The function returns a matplotlib
axes object, which can then be further customised:
ax = fancplot.distance_decay_plot(hic_500kb, chromosome='chr18', color='mediumturquoise')
To compare the expected values of multiple samples, just provide multiple Hic objects:
lowc_hindiii = fanc.load("architecture/other-hic-update/lowc_hindiii_100k_1mb.hic")
lowc_mboi = fanc.load("architecture/other-hic-update/lowc_mboi_100k_1mb.hic")

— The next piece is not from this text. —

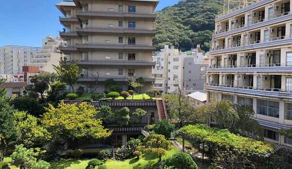 建物の規模や部屋の作りなど、どこを見ても豪華なホテルで昭和の一流ホテルだったのだと感じます。大きな庭園もあり錦鯉が何匹も泳いでいたりします。伊東園だと手入れが行き届かないこともありますが、こちらは最低限の手入れはされているようで不快感はありません。 食事は、伊東園の画一メニューに加えて、独自料理もあり、満足できる内容でした。また最上階のレストランからは、山の斜面に広がる熱海の街を一望できる素晴らしい眺めでした。熱海の伊東園は、伊東園リゾートと謳っていて、タオルが大きかったり、氷が無料だったりと他の伊東園とは違いがありました。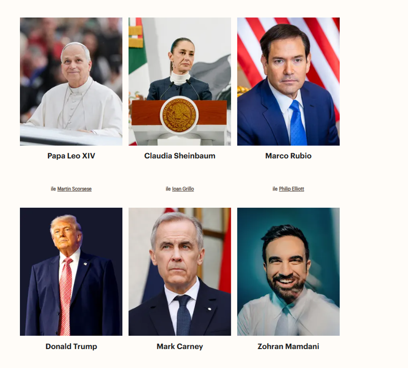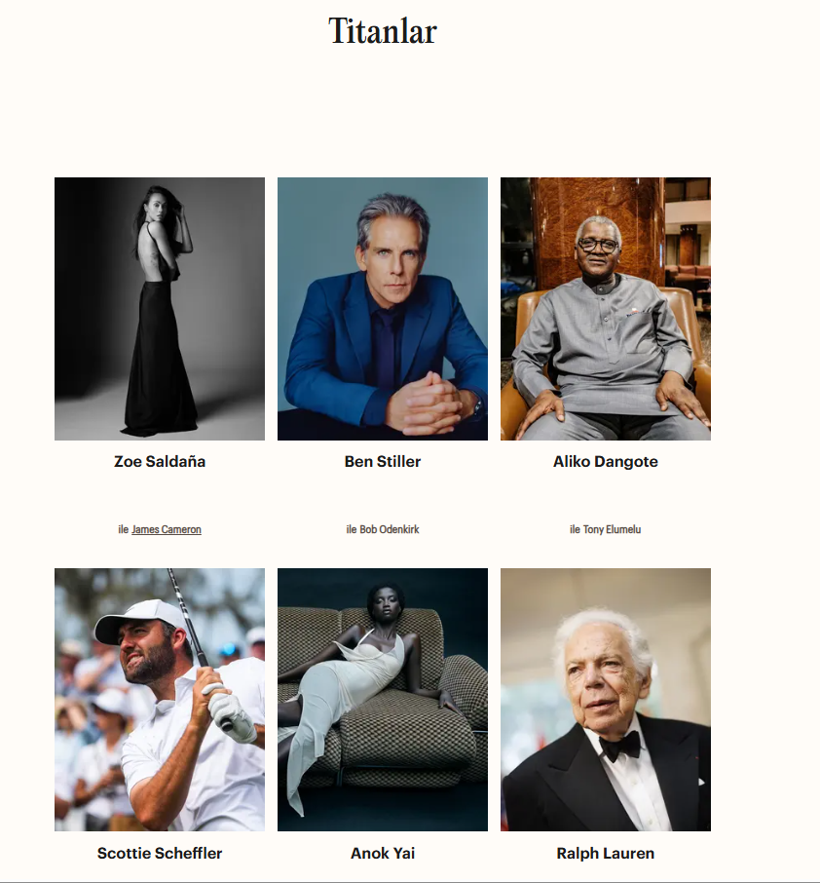 Time dergisi, bu yıl seçtiği dünyanın en etkili 100 ismini “sanatçılar, titanlar, yenilikçiler, ikonlar, liderler ve öncüler” olmak üzere 6 kategoride açıkladı.

ax = fancplot.distance_decay_plot(lowc_hindiii, lowc_mboi, chromosome='chr1',
labels=['HindIII', 'MboI'])
Note: as Hi-C matrices are normalised on a per-chromosome basis in FAN-C by default, it would be misleading to plot the overall normalised intra-chromosomal expected values, or to use them for downstream analysis. We can, however, also calculate the unnormalised expected values easily enough.

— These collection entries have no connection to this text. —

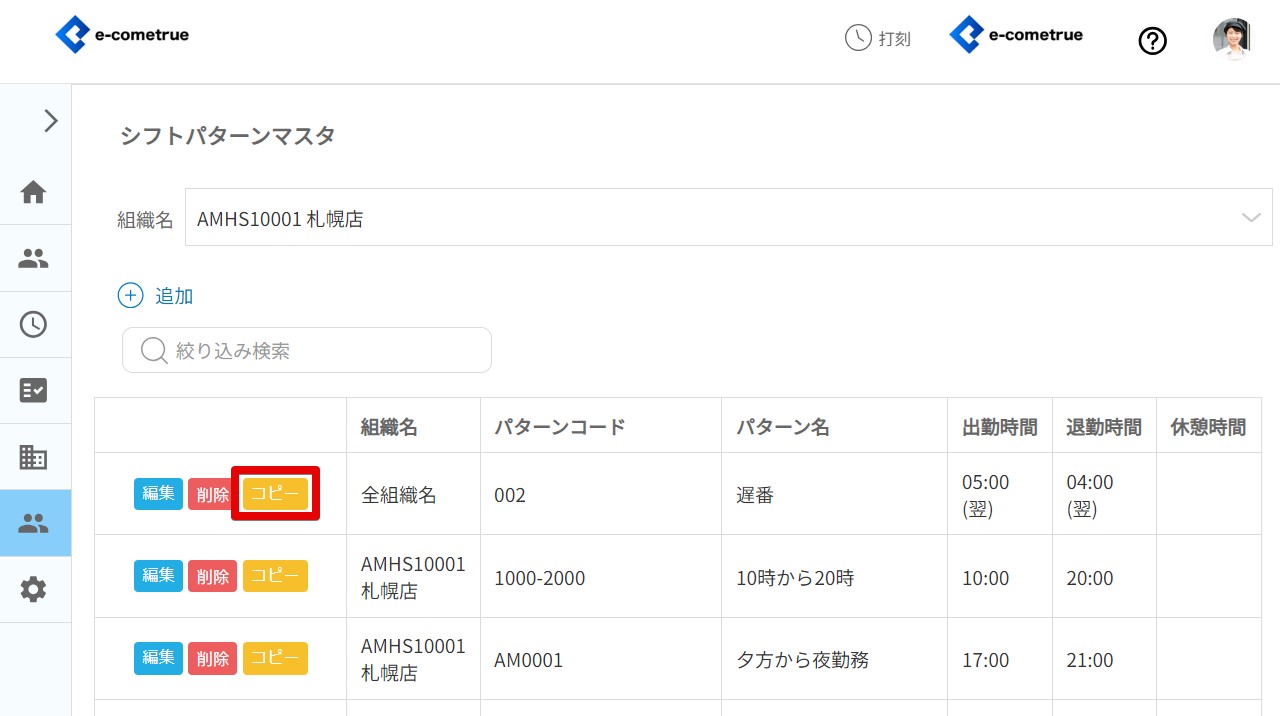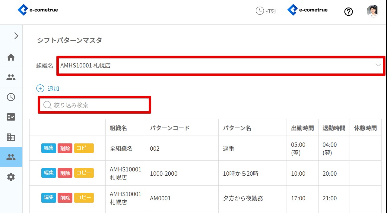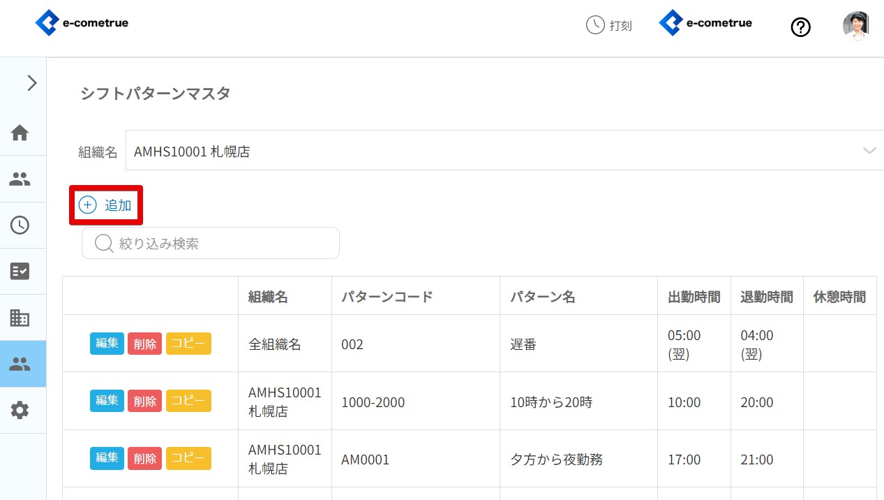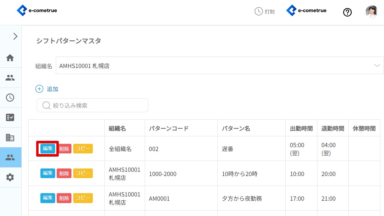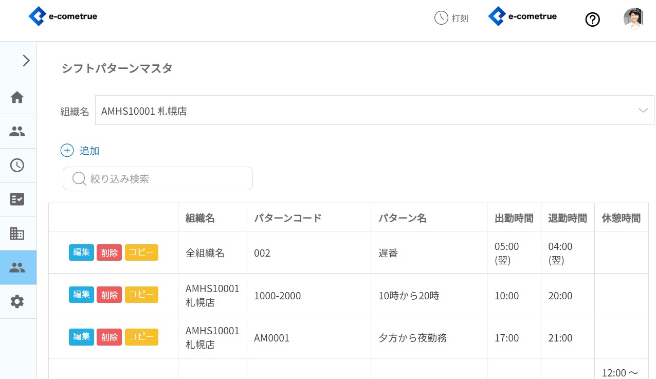 シフトパターンマスタでは、組織・雇用形態にあわせてシフト時間のマスタを管理します。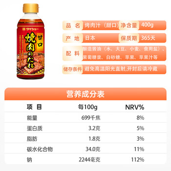 大逸昌 日本进口 甘口微甜烤肉汁 日式料理烤肉调味酱烧肉汁 蘸酱400g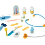 Setul medical conține toate instrumentele necesare pentru jocul de-a doctorul, cum ar fi stetoscopul, termometrul, seringa și altele.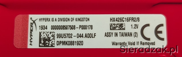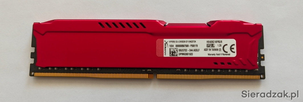 Na sprzedaż posiadam w 100% sprawną kość pamięci 8 GB DDR4 2666 MHz firmy KINGSTON HyperX Fury.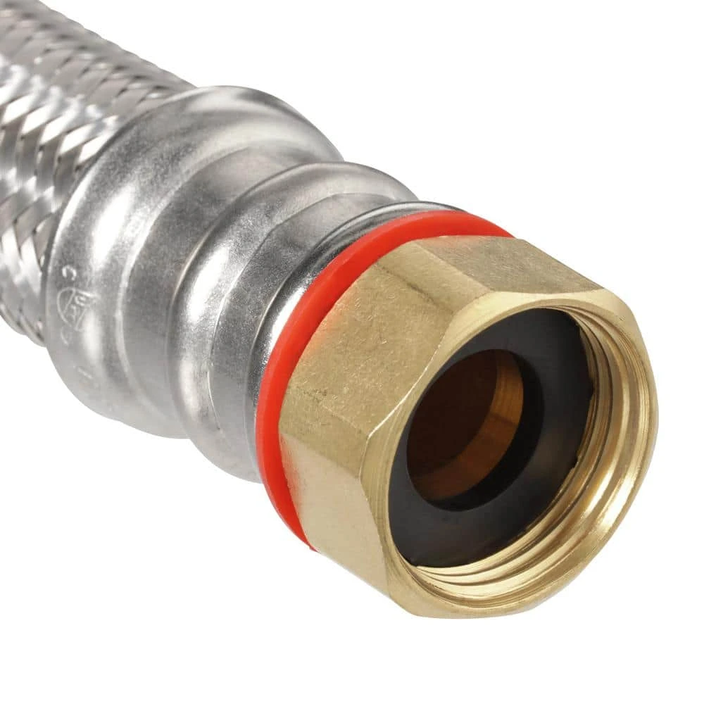 This 3/4 in. x 3/4 in. x 18 in. stainless steel braided supply line starts with an extruded core of PVC tubing. The core is then over-braided with polyester yarn and another layer of PVC material. The final layer consists of stainless steel braid to form a strong, yet flexible supply line.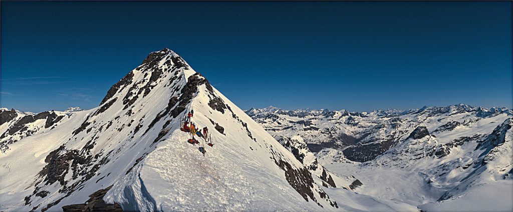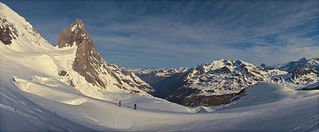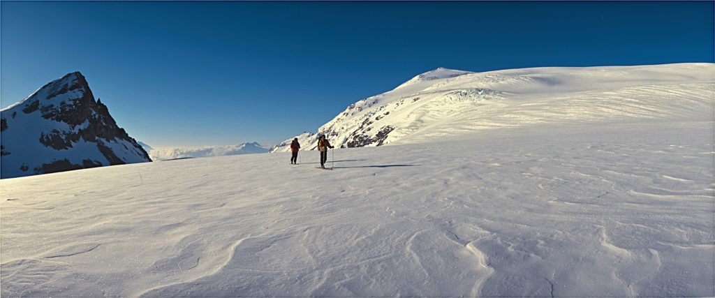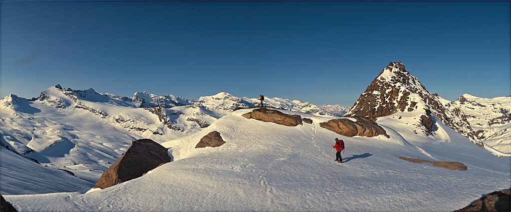Nella notte ci alziamo presto e vediamo che il cielo è di nuovo coperto. “C’est la lombarde” asserisce Benoît. Ma sappiamo che le previsioni sono buone, perciò partiamo ugualmente sui ripidi pendii che portano al Lac de Chasseforêt. Nebbia, disagio e venticello umido di lombarde ci accompagnano fino al primo chiarore di un’alba che invece si rivela di speranza. Il sole squarcia di prepotenza la nuvolaglia e di colpo la giornata diventa radiosa. Dopo le salite al Col Ouest du Pelve e al Col du Dard, sulle piatte distese di neve del Glacier de la Vanoise per la prima volta sento che forse ce la faremo. Sembra di essere in Groenlandia, sull’ice-cap. Raggiungiamo la Pointe du Dard e quindi per una discesa entusiasmante ci buttiamo sul refuge de la Vanoise, dove le marmotte vengono a mangiarti in mano. Il sole è abbacinante in questo pomeriggio di festa. Tanti stanno scendendo giù dalla via normale della Grande Casse: mi sembra un po’ tardi per avere neve decente e non pericolosa…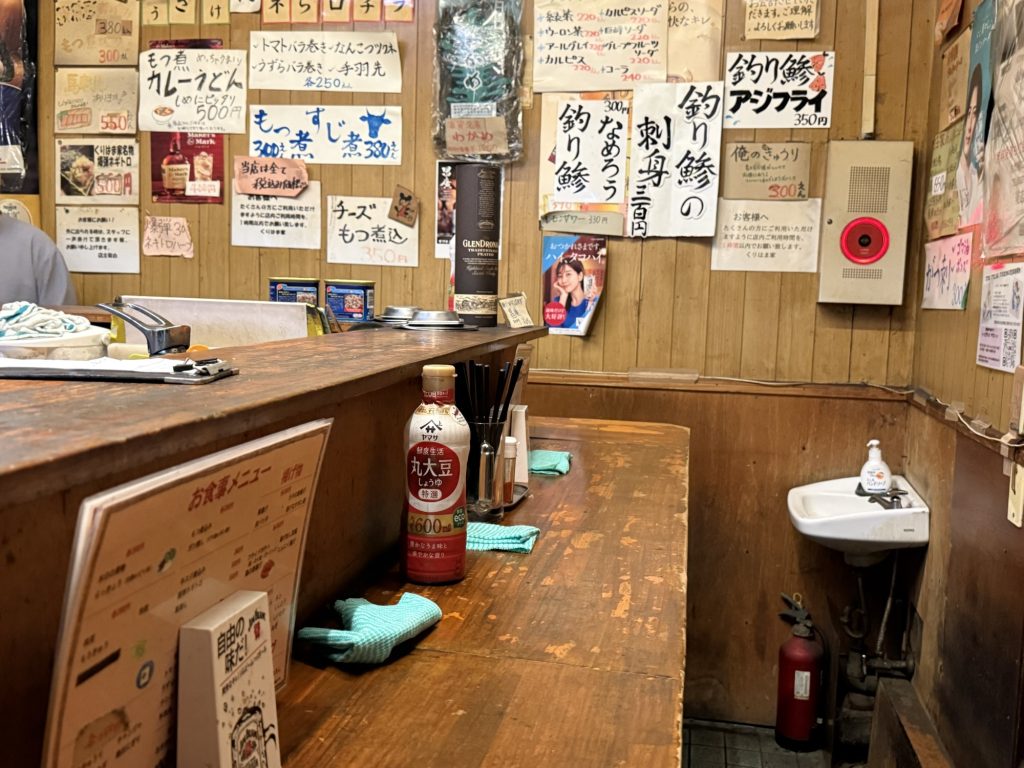 おー、激渋の茶色い空間がたまりませんな。板張り壁には至る所に品書き、L字の立ち飲みカウンターで15名ほどのキャパかな。店頭売りもお客さんがよく買いに来てるね。ほー60分以内で会計ね。

intra_expected_nonorm, intra_expected_chromosome_nonorm, inter_expected_nonorm = hic_500kb.expected_values(norm=False)
# obtain bin distances
bin_size = hic_500kb.bin_size
distance = list(range(0, bin_size * len(intra_expected_nonorm), bin_size))
# plot expected values
fig, ax = plt.subplots()
plt.plot(distance, intra_expected_nonorm)
ax.set_xscale('log')
ax.set_yscale('log')
ax.set_xlabel("Distance")
ax.set_ylabel("Average contacts (not normalised)")
plt.show()
If you are simply interested in plotting the unnormalised values, you can use
ax = fancplot.distance_decay_plot(hic_500kb, norm=False)
Expected values rarely need to be calculated explicitly in FAN-C analysis functions, but will be calculated (or retrieved) on demand whenever necessary. To obtain observed/expected matrices, for example, please refer to RegionMatrixContainer.